# WHAT YOU SHOULD DO
From the material below, set down exactly the lines that run from the one containing "Personalized name turquoise" to the one containing "Le chrome, principal", minus the pictures.

# DATA SUPPLIED

○ ○ ○ ○

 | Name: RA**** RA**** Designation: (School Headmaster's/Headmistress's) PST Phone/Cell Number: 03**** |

○ ○ ○ ○

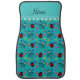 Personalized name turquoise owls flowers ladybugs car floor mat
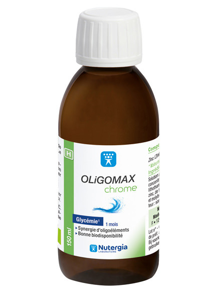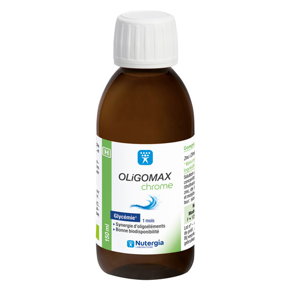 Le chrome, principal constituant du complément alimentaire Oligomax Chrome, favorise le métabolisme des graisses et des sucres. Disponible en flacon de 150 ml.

○ ○ ○ ○

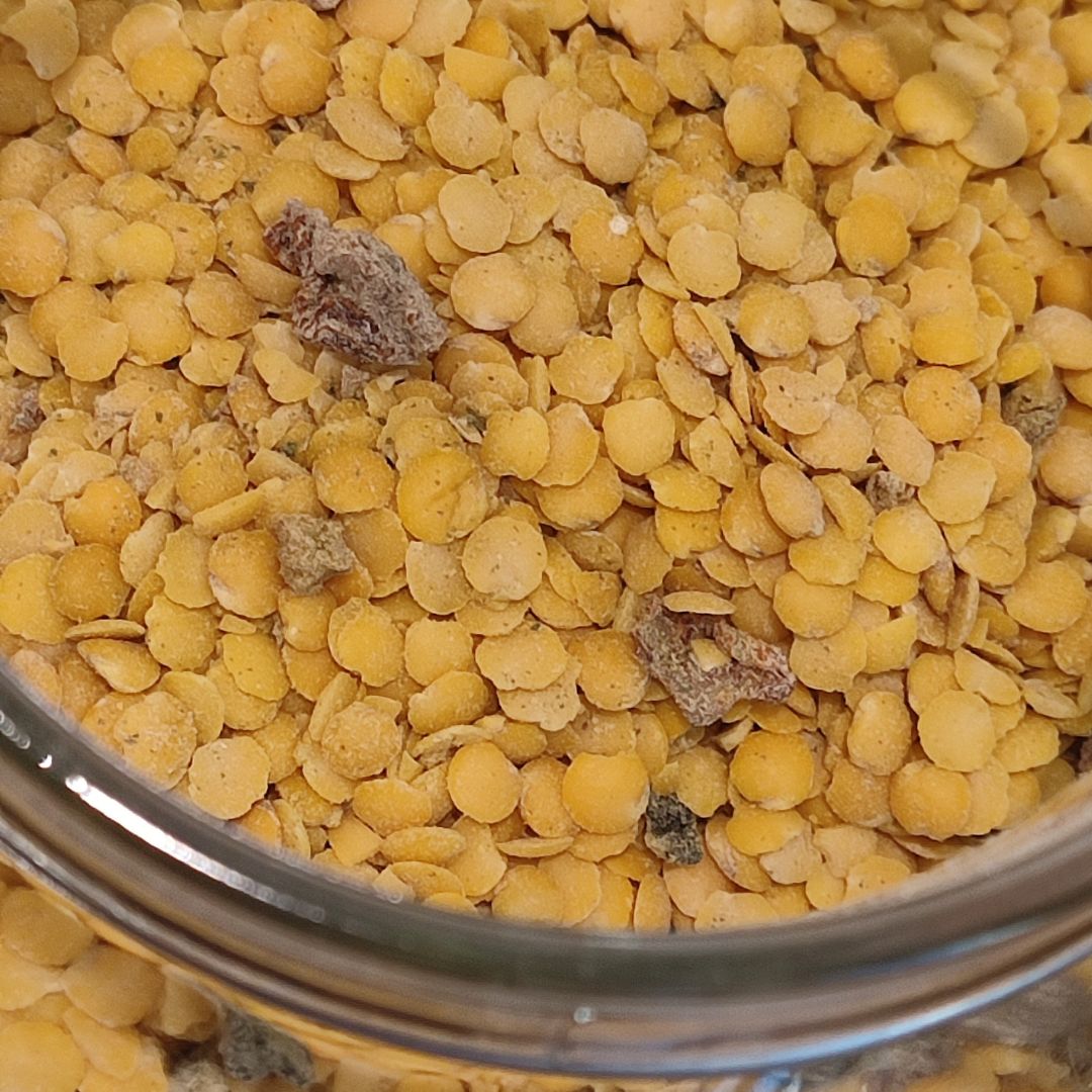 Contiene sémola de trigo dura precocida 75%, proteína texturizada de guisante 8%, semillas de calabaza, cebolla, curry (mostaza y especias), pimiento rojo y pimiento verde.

○ ○ ○ ○

# EXERCISE RESPONSE
 Personalized name turquoise owls flowers ladybugs car floor mat
 Le chrome, principal constituant du complément alimentaire Oligomax Chrome, favorise le métabolisme des graisses et des sucres. Disponible en flacon de 150 ml.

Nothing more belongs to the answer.